> _Provided information_:
- - - -

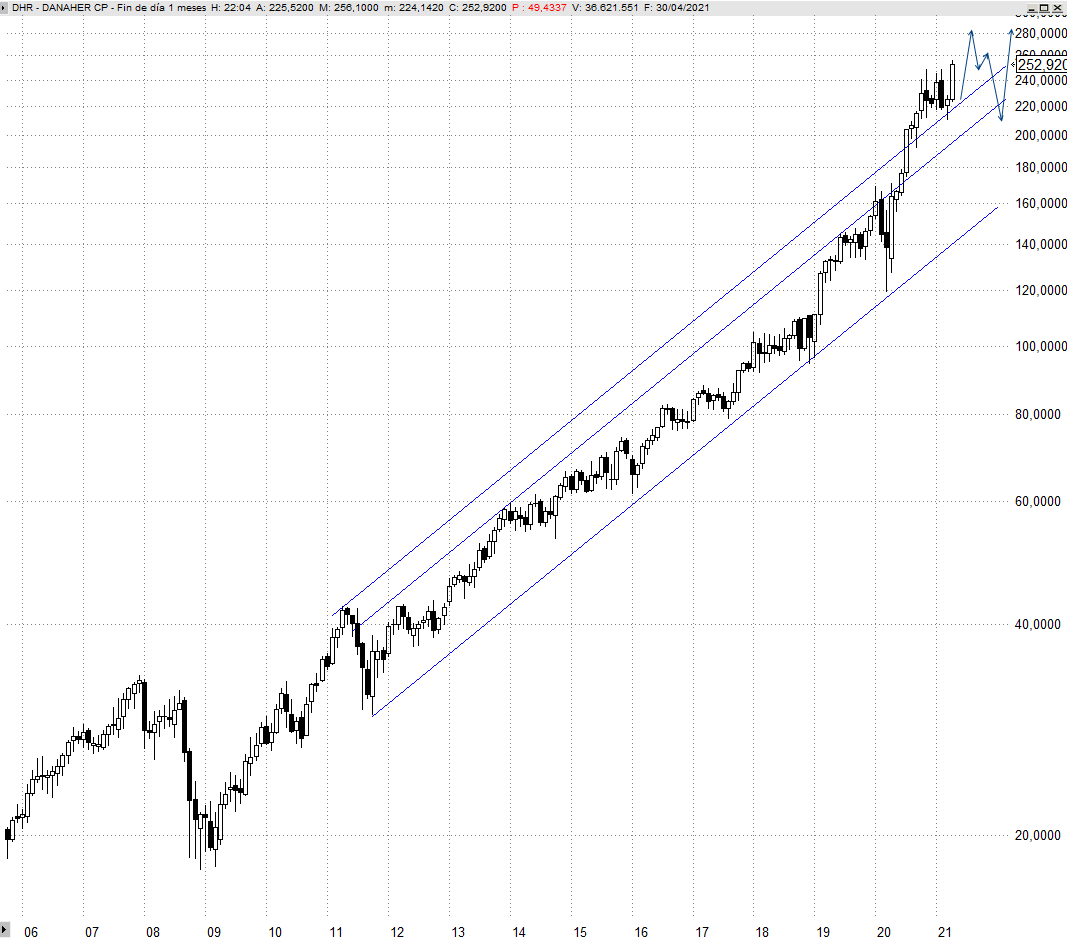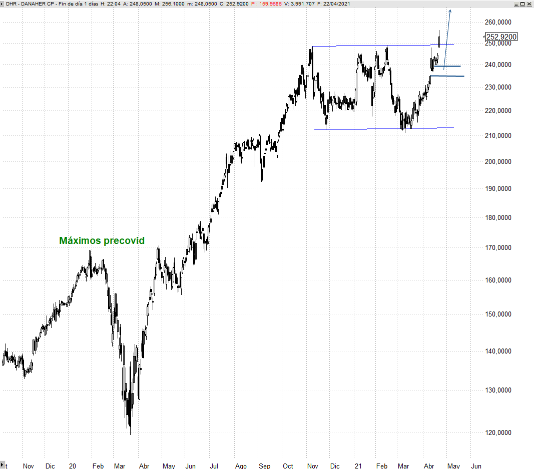 Esta amenaza no frenó ayer el impulso de Danaher Corporation, que nos deja una foto alcista que refuerza un escenario de continuidad en subida libre absoluta. Logró marcar ayer nuevos máximos históricos superando su última fase consolidativa tras presentar cuentas del primer trimestre mejores de lo esperado. Hablamos de un conglomerado estadounidense que diseña, fabrica y comercializa productos y servicios médicos e industriales en todo el mundo.
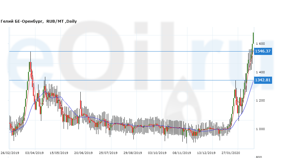 Цены на гелий газообразный, базис поставки Оренбургская область, выросли за неделю на 192 рубля до 1678 рублей за тонну.
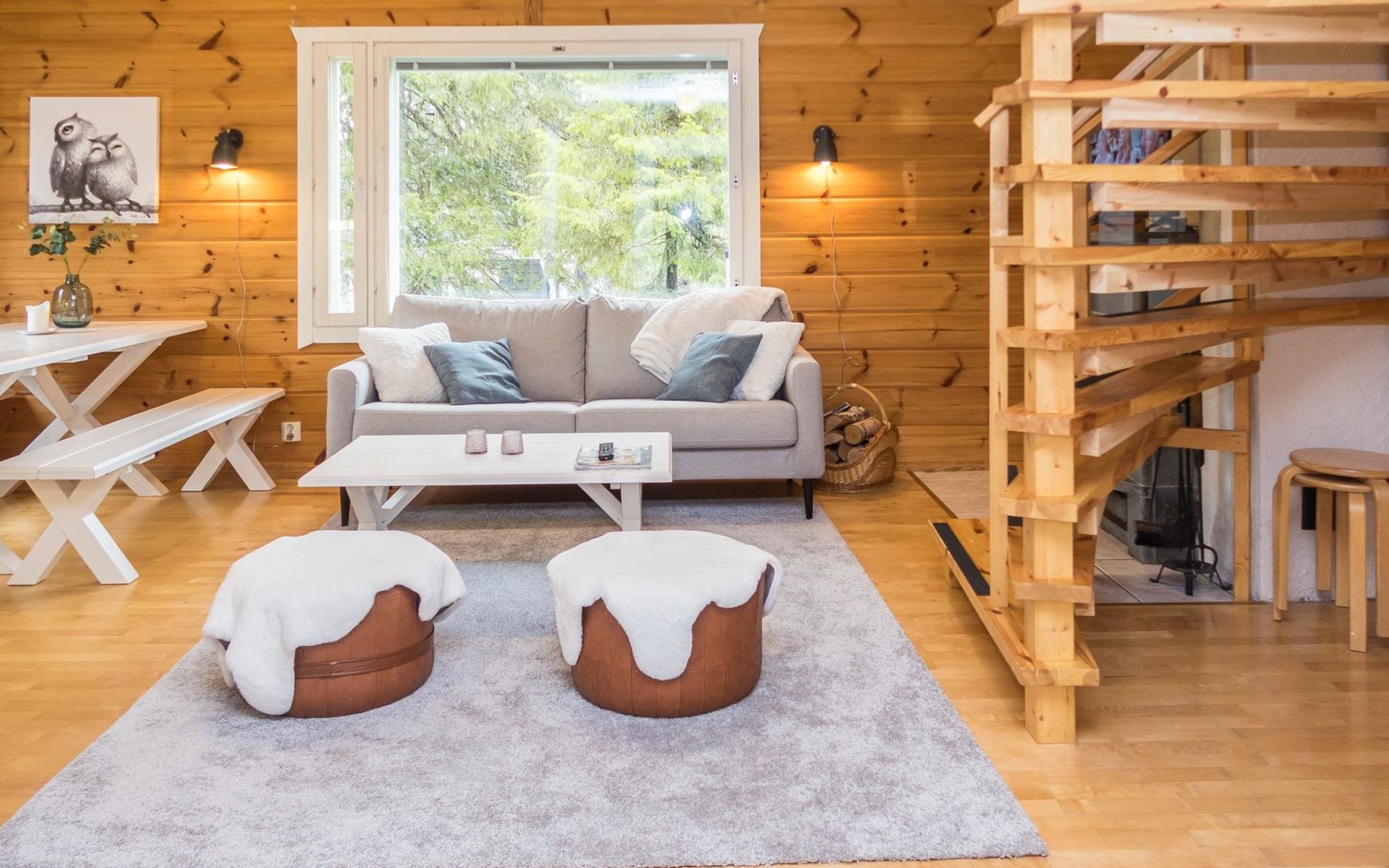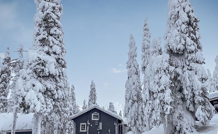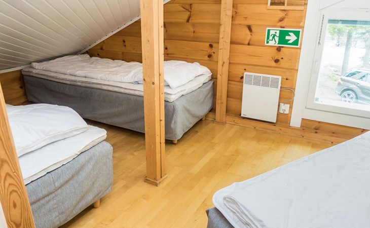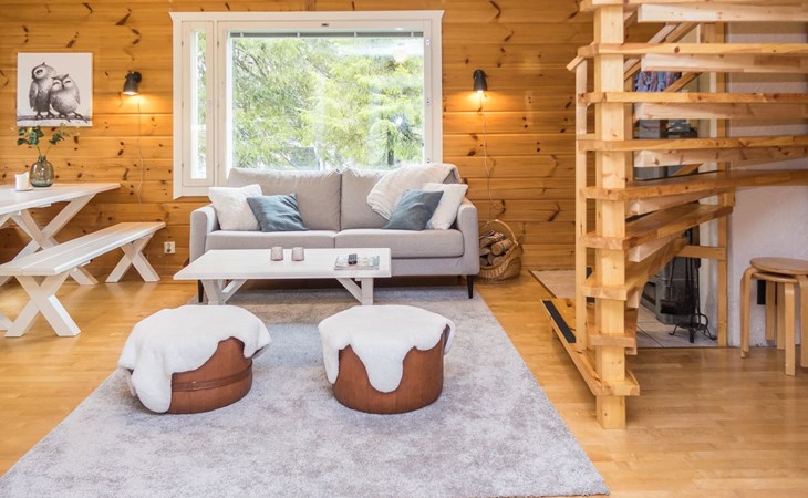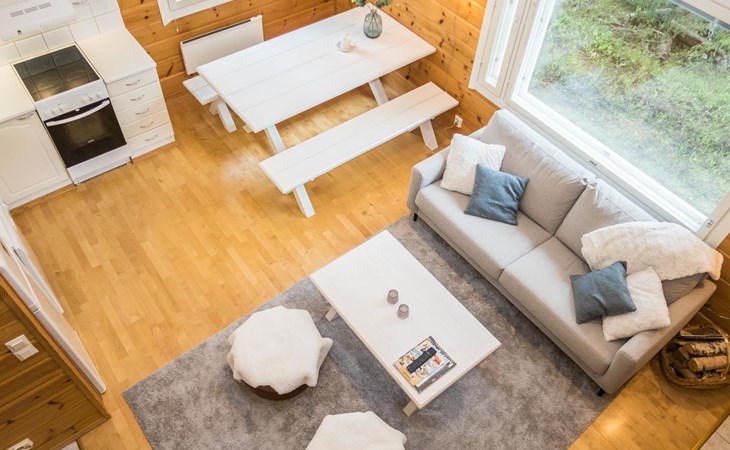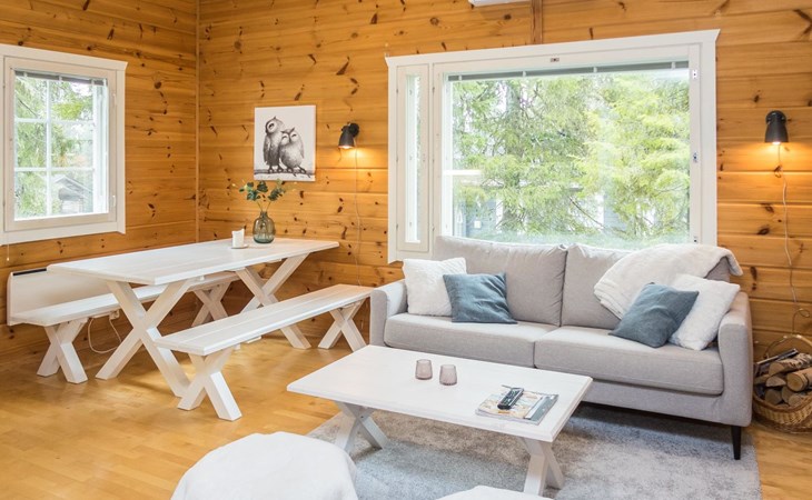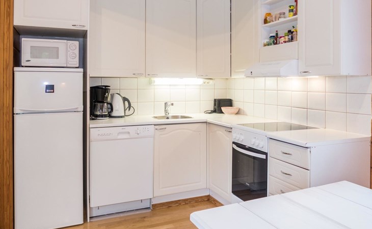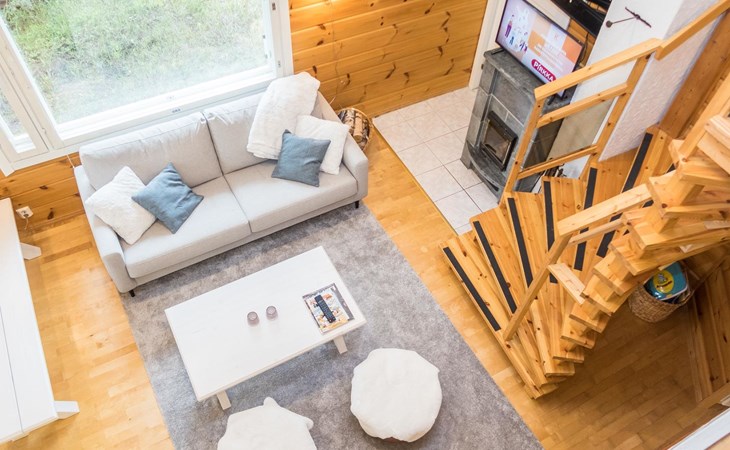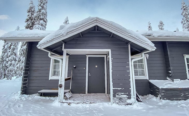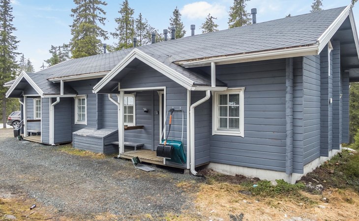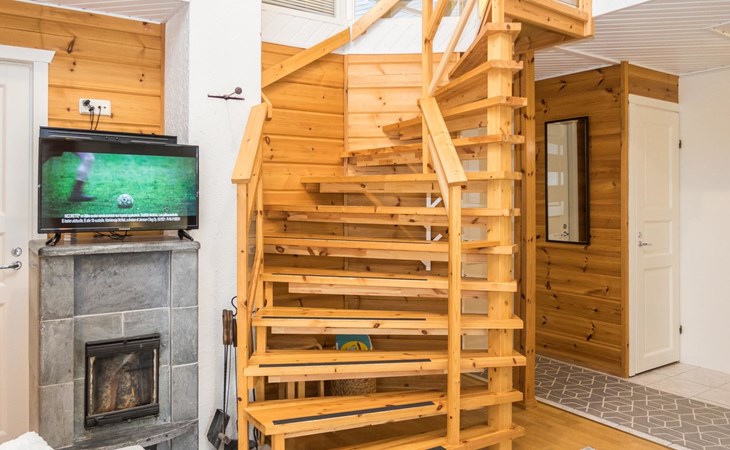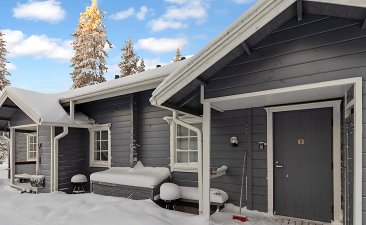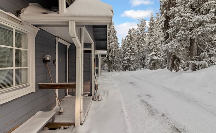 27 km to the north from Kuusamo, Vuosseli (East-Ruka) 900 m, Ruka village 4,9 km. Apartment in a log-built semi-detached house, built in 1995. Bedrooms 1-2 (on the ground floor): 2 beds, bedroom 1 in the loft (folding door): 3 beds, bedroom 2 in the loft (folding door): 120 cm bed, lobby in the loft: 3 beds, living room/kitchen, electric sauna.
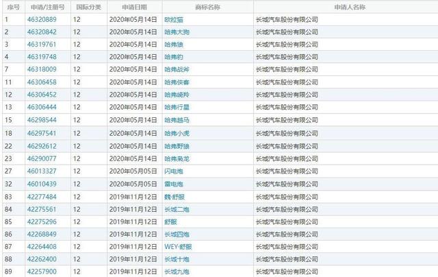 其实,长城除了注册了“大狗”之外,最近还注册了一系列关于“猛兽”以及各种“炮”的商标名称……
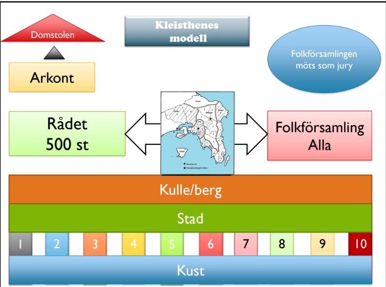 (OBS siffrorna 1-10 är alla demes som Kleisthenes delade in folket i)
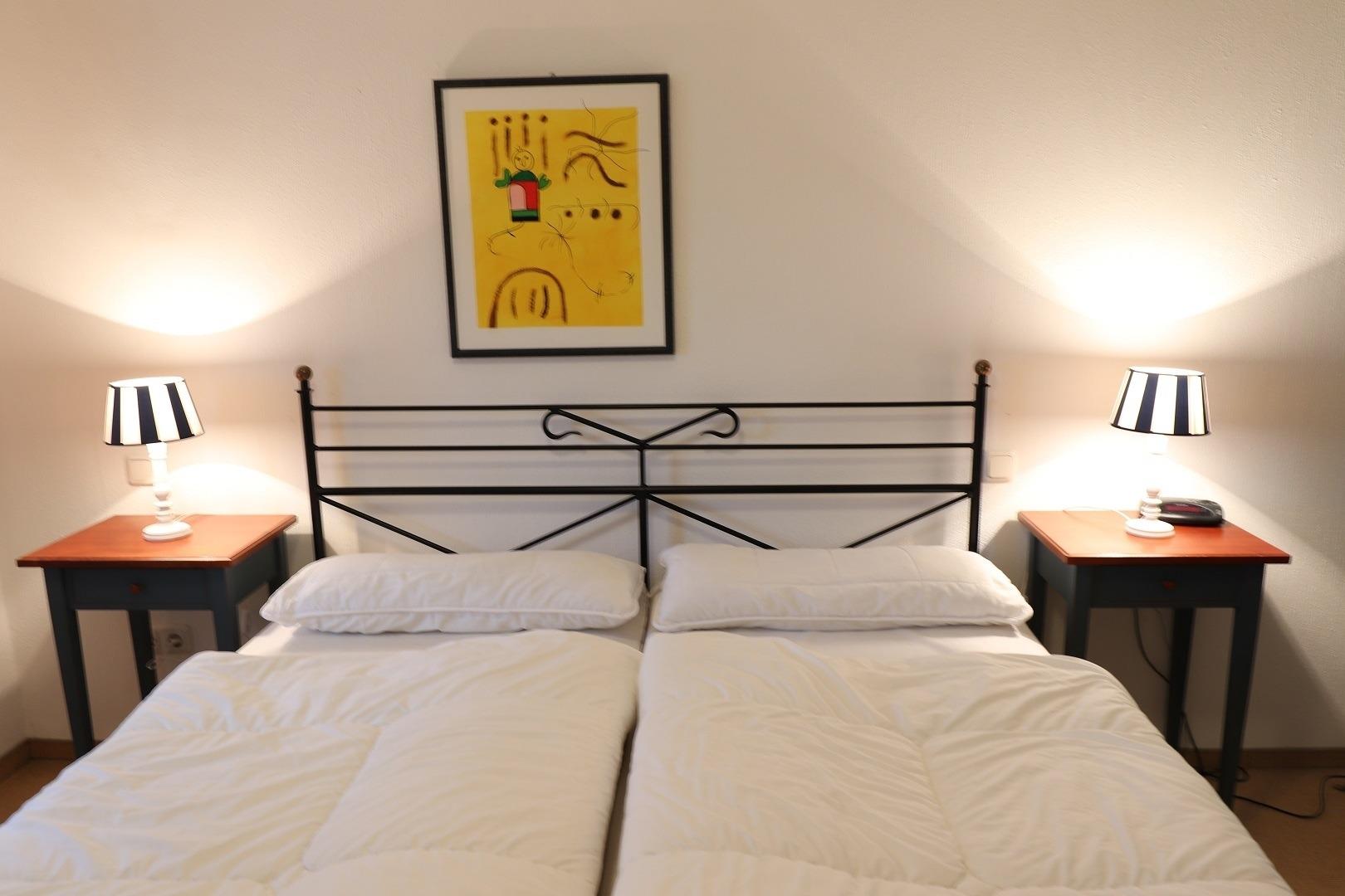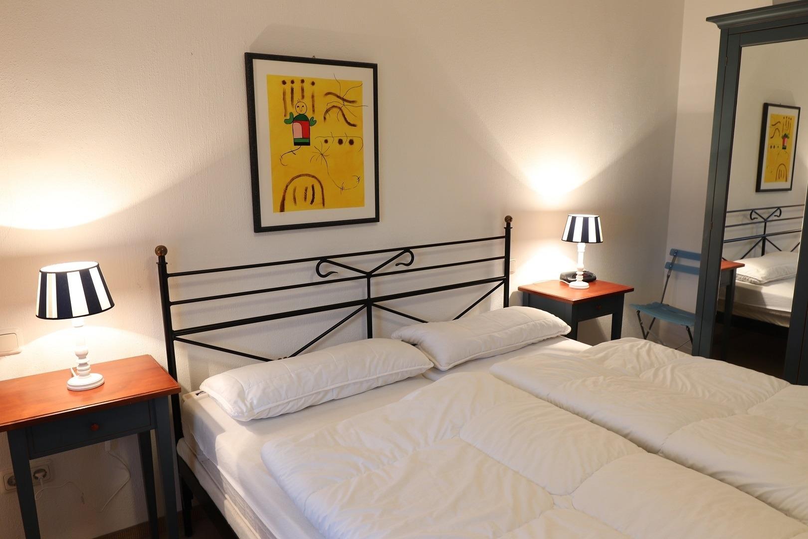 Das Schlafzimmer beinhaltet einen Kleiderschrank sowie ein Doppelbett.

- - - -

> _What you have to do_: A faithful copy is needed of the lines from the one containing "Цены на гелий" through the last line of the data above, with pictures left out.

> _Response area_:
 Цены на гелий газообразный, базис поставки Оренбургская область, выросли за неделю на 192 рубля до 1678 рублей за тонну.
 27 km to the north from Kuusamo, Vuosseli (East-Ruka) 900 m, Ruka village 4,9 km. Apartment in a log-built semi-detached house, built in 1995. Bedrooms 1-2 (on the ground floor): 2 beds, bedroom 1 in the loft (folding door): 3 beds, bedroom 2 in the loft (folding door): 120 cm bed, lobby in the loft: 3 beds, living room/kitchen, electric sauna.
 其实,长城除了注册了“大狗”之外,最近还注册了一系列关于“猛兽”以及各种“炮”的商标名称……
 (OBS siffrorna 1-10 är alla demes som Kleisthenes delade in folket i)
 Das Schlafzimmer beinhaltet einen Kleiderschrank sowie ein Doppelbett.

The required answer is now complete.